Den of Thieves
- Genre: Role-playing games
- Publisher: TSR
- Publication date: 1996

= Den of Thieves (Dungeons & Dragons) =

1996 role-playing game accessory

Den of Thieves is an accessory for the 2nd edition of the Advanced Dungeons & Dragons fantasy role-playing game, published in 1996.

==Contents==
Den of Thieves is a supplement which presents a sample thieves' guild, detailing its major characters, as well as their political relationships and their personal strengths. This guild receives income from its various criminal activities, each of which is organized into crews and overseen by a member who keeps the others from risking the wealth or health of the guild as a whole, and these include burglary and pick pocketing, counterfeiting, forgery, extortion, muggings, blackmail, prostitution, gambling, loan sharking, smuggling, protection rackets, and exotic dancers. This supplement also comes with a number of quick adventures.

==Publication history==
Den of Thieves was published by TSR, Inc. in 1996.

==Reception==
Trenton Webb reviewed Den of Thieves for Arcane magazine, rating it a 6 out of 10 overall. He commented that D&D has a long-standing crime problem. Not in any 'hang 'em high' Tory MP way, but in the fact that thieves' guilds have traditionally only popped up as two-dimensional plot devices that supply rent-a-rogues. Den Of Thieves attempts to steal away all the best criminal ideas and stash them in a single work." He felt that the book "presents a 'theoretical' model by way of an example guild", but that the characters "aren't staggeringly original creations - each being little more than an exceptional skill backed by a cut-out-and-keep personality – but the guild's complex power structure offers plenty of scope for inter-faction fighting in which players can become embroiled." He notes that the example guild follows "the familiar Mafia model" in that each "business" is run by a "Capo". Considering the book "Detailed and thorough", Webb considers the book "so eager to legitimise the functional aspects of thieves' guilds that it coughs up tables for everything from Random Smuggling Incidents to a system for running pursuits through unmapped city streets. Yet it lacks the single most appealing aspect of the gangster myth – glamour!" He concluded that the "quick-hit" adventures which "are intended to exhibit what a guild can do fail to convey the necessary style. They work, but a multi-facted and multi-layered gang of high-class thieves like this should exude the swaggering arrogance of the Krays or Capone. Attempts are made to add energy with a Zorro-like Cwl and super spy Shalamell, but these are shrouded in too much mystery to be useful." Webb felt that players attempting to build their own guild on this book's model "would find this mob-DIY kit tedious and overly time consuming. There's too much emphasis on the book-keeping and too little on pulling the 'big-heist' that true thieves must crave, for the suggest system to be fun.

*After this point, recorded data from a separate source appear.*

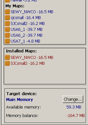 An "estimation" function tells you how much memory your custom map section requires. When you are satisfied, clicking on the "cut" button starts a quick data extraction process that produces a custom data set on your desktop's file system. Back at the map loader, you can select any of your custom datasets, which are easy to get to in a list called "my maps". The list clearly displays the current memory configuration, the size of your selected maps, and the remaining memory. |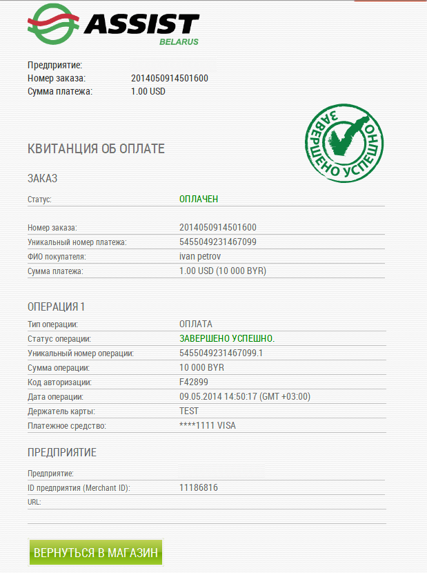 4. Об успешном завершении платежа вы будете проинформированы сообщением следующего вида: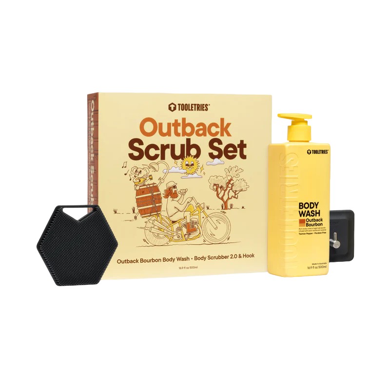 The Tooletries Scrub Kit is the ultimate grooming bundle for a refreshing and invigorating shower experience. This kit includes the Silicone Body Scrubber 2.0 & Hook and the Outback Bourbon Body Wash 500ml, designed to provide a thorough and enjoyable cleansing routine. The Silicone Body Scrubber 2.0 offers a superior exfoliating experience, while the Outback Bourbon Body Wash delivers a rich, aromatic lather that leaves your skin feeling clean and rejuvenated. Together, they make the perfect duo for anyone looking to elevate their shower game. What is included in Tooletries Scrub Kit? • Silicone Body Scrubber 2.0 & Hook • Outback Bourbon Body Wash 500ml What are the features and benefits of Tooletries Scrub Kit? Silicone Body Scrubber 2.0 & Hook: The Silicone Body Scrubber 2.0 is designed with soft, flexible bristles that provide a deep and gentle exfoliation, removing dead skin cells and promoting healthy skin. The included hook allows for easy storage and quick drying, ensuring your scrubber stays clean and hygienic. Outback Bourbon Body Wash 500ml: This body wash features a unique blend of natural ingredients and a captivating Outback Bourbon scent that invigorates your senses. Its rich lather cleanses the skin thoroughly, leaving it feeling soft, smooth, and refreshed. Who is Tooletries Scrub Kit for? The Tooletries Scrub Kit is perfect for anyone looking to enhance their shower routine with high-quality grooming products.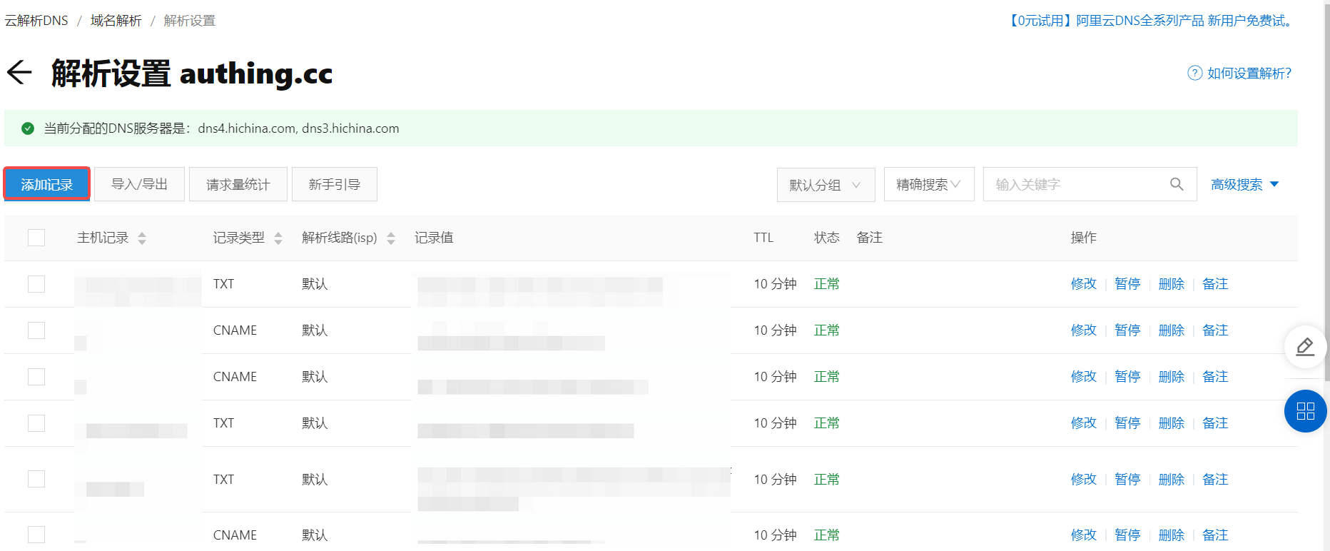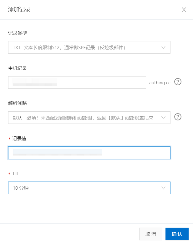 记录值填写 Authing 生成的 TXT 对应的值​。

The crimes are a little too clean, the political puppetry a little too vague, and the profits a little too low." Webb concluded the review by saying: "The supplement's example thieves' guild does, however, provide a useful off-the-shelf resource for referees to use in city-based gaming sessions. It is a powerful enough organisation that can legitimately emerge from the shadows with sufficient clout to pull even hardened parties in and make them an offer they can't refuse."